Exercise description - Could you please reproduce the entries exactly, leaving out any pictures?

Records for this task -
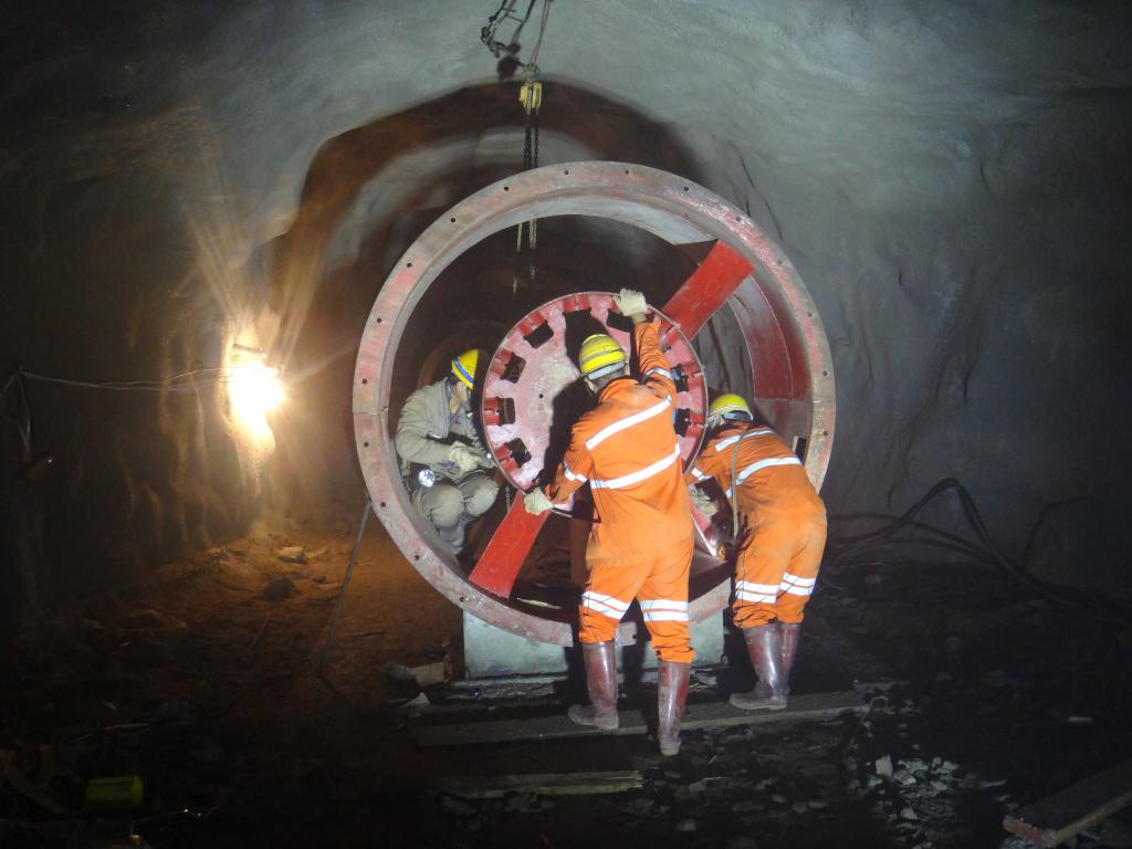 隨著高效采礦設(shè)備的不斷引進,井下通風(fēng)系統(tǒng)建設(shè)成了急待解決的問題,為此,1540中段大箐東通風(fēng)井安裝也就成了當(dāng)務(wù)之急。2016年5月,1540中段大箐東通風(fēng)井安裝工程緊張進行,所需安裝的設(shè)備中,250千瓦/時通風(fēng)機9臺、1000KvA電力變壓器3臺,供電控制柜15面,其中單臺次設(shè)備重量達6噸,可以說重量重、體積大,面對坑下近10公里的漫長設(shè)備運輸線和安裝地點的有限空間,動力工段維修組的職工們,用巨人的意志和毅力,在近50個日日夜夜里揮灑汗水,通過不懈努力,按要求完成了安裝調(diào)試任務(wù)。
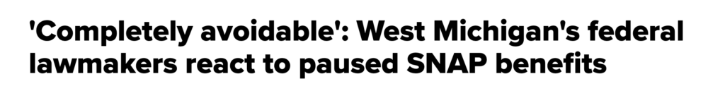 “This shutdown was completely avoidable. The House passed a clean extension of funding on September 19th to keep the government open and provide funding for more than a million Michiganders on SNAP. Senator Slotkin and Senator Peters have now blocked this non-partisan measure 12 times over the past five weeks. It is shameful that Michigan’s Senators are prioritizing politics over paying our troops, over helping low-income Michiganders put food on the table, and over making sure that air-travel is safe and reliable. This ‘politics first’ behavior by our Senators exemplifies why I introduced No Budget, No Pay for Congress legislation.”
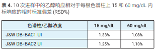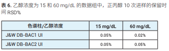 分別在 15 和 60 mg/dL 下測定面積和保 留時間重復性(表 4 至表 6)。 表 4 顯示每種濃度及色譜柱的 RSD 均小 于 2%。
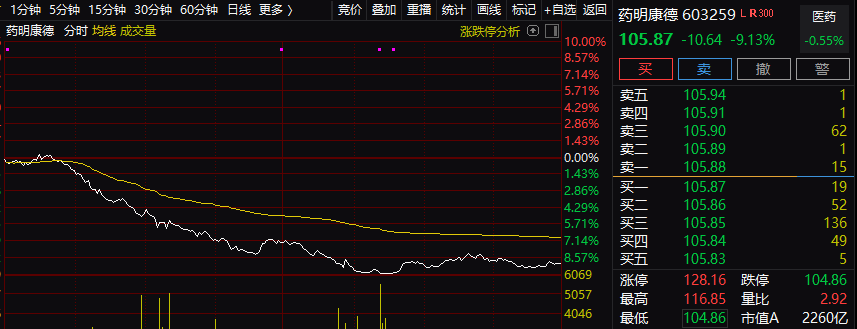 药明康德,按前一天收盘价计算,AH总市值大约在2800亿元人民币,可谓是市场上绝对的医药大白马,而且该公司刚刚发布一则认购预案,标的公司的前景看上去还不错,但这并未阻止该公司大跌。
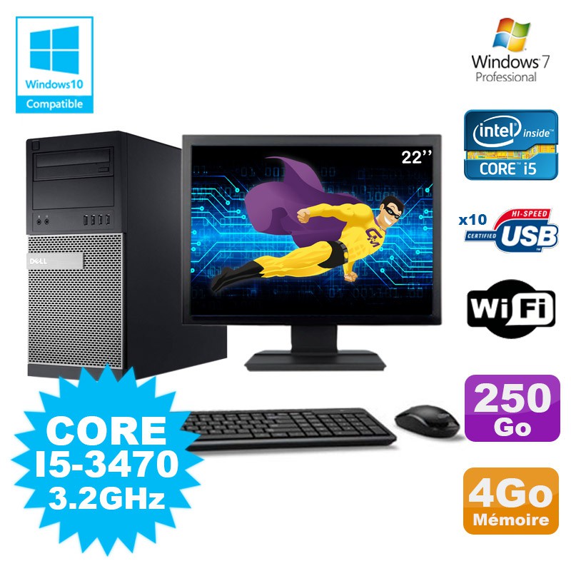 Lot PC Tour Dell 790 Intel I5-3470 3.2Ghz 4Go 250Go DVD WIFI Win 7 + Ecran 22"

Result of the task -
 隨著高效采礦設(shè)備的不斷引進,井下通風(fēng)系統(tǒng)建設(shè)成了急待解決的問題,為此,1540中段大箐東通風(fēng)井安裝也就成了當(dāng)務(wù)之急。2016年5月,1540中段大箐東通風(fēng)井安裝工程緊張進行,所需安裝的設(shè)備中,250千瓦/時通風(fēng)機9臺、1000KvA電力變壓器3臺,供電控制柜15面,其中單臺次設(shè)備重量達6噸,可以說重量重、體積大,面對坑下近10公里的漫長設(shè)備運輸線和安裝地點的有限空間,動力工段維修組的職工們,用巨人的意志和毅力,在近50個日日夜夜里揮灑汗水,通過不懈努力,按要求完成了安裝調(diào)試任務(wù)。
 “This shutdown was completely avoidable. The House passed a clean extension of funding on September 19th to keep the government open and provide funding for more than a million Michiganders on SNAP. Senator Slotkin and Senator Peters have now blocked this non-partisan measure 12 times over the past five weeks. It is shameful that Michigan’s Senators are prioritizing politics over paying our troops, over helping low-income Michiganders put food on the table, and over making sure that air-travel is safe and reliable. This ‘politics first’ behavior by our Senators exemplifies why I introduced No Budget, No Pay for Congress legislation.”
 分別在 15 和 60 mg/dL 下測定面積和保 留時間重復性(表 4 至表 6)。 表 4 顯示每種濃度及色譜柱的 RSD 均小 于 2%。
 药明康德,按前一天收盘价计算,AH总市值大约在2800亿元人民币,可谓是市场上绝对的医药大白马,而且该公司刚刚发布一则认购预案,标的公司的前景看上去还不错,但这并未阻止该公司大跌。
 Lot PC Tour Dell 790 Intel I5-3470 3.2Ghz 4Go 250Go DVD WIFI Win 7 + Ecran 22"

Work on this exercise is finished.